For the tables presented below, determining what constitutes a film series and where a film fits in with the series is subjective. Box Office Mojo and The Numbers list 12 Star Wars films released, including anthology films such as Rogue One (2016) and Solo: A Star Wars Story (2018) (which Box Office Mojo also groups separately), and Star Wars: The Clone Wars, but excluding films such as Caravan of Courage: An Ewok Adventure (1984) and Ewoks: The Battle for Endor (1986). For the purpose of the tables presented here, the films of the "Skywalker saga" are considered as a separate series and are ordered based on the date of release rather than by their number (for example, Star Wars: Episode I – The Phantom Menace was the fourth film released). Similarly, the Marvel Cinematic Universe is listed on the above websites as consisting of 23 films released however, these are also listed separately as 4 Avengers films, 3 Iron Man films, 3 Captain America films, 3 Thor films and so on; for these tables, the films have similarly been treated as separate series. A similar approach has been taken to the Wizarding World series (where the films are split between the Harry Potter film series and the Fantastic Beasts film series); the X-Men film series (where there are separate film series for Wolverine and Deadpool); Star Trek (where there are separate film series for Star Trek: The Original Series, Star Trek: The Next Generation and a later reboot); and the multiple Spider-Man, Batman and Planet of the Apes film series.

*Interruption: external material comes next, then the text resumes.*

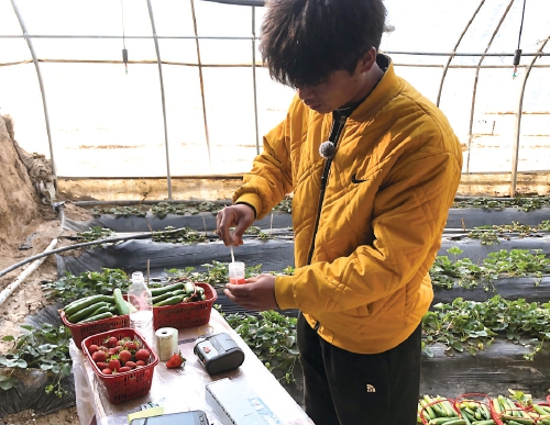果蔬基地检测员进行农药检测。 农民日报全媒体记者 李盎 摄

== Box-office improvement ==
While sequels usually gross less than the original, some have significantly outperformed their predecessors at the box office.

=== Relative improvement ===

These film sequels outgrossed their predecessors by at least a factor of three. The list is not adjusted for inflation.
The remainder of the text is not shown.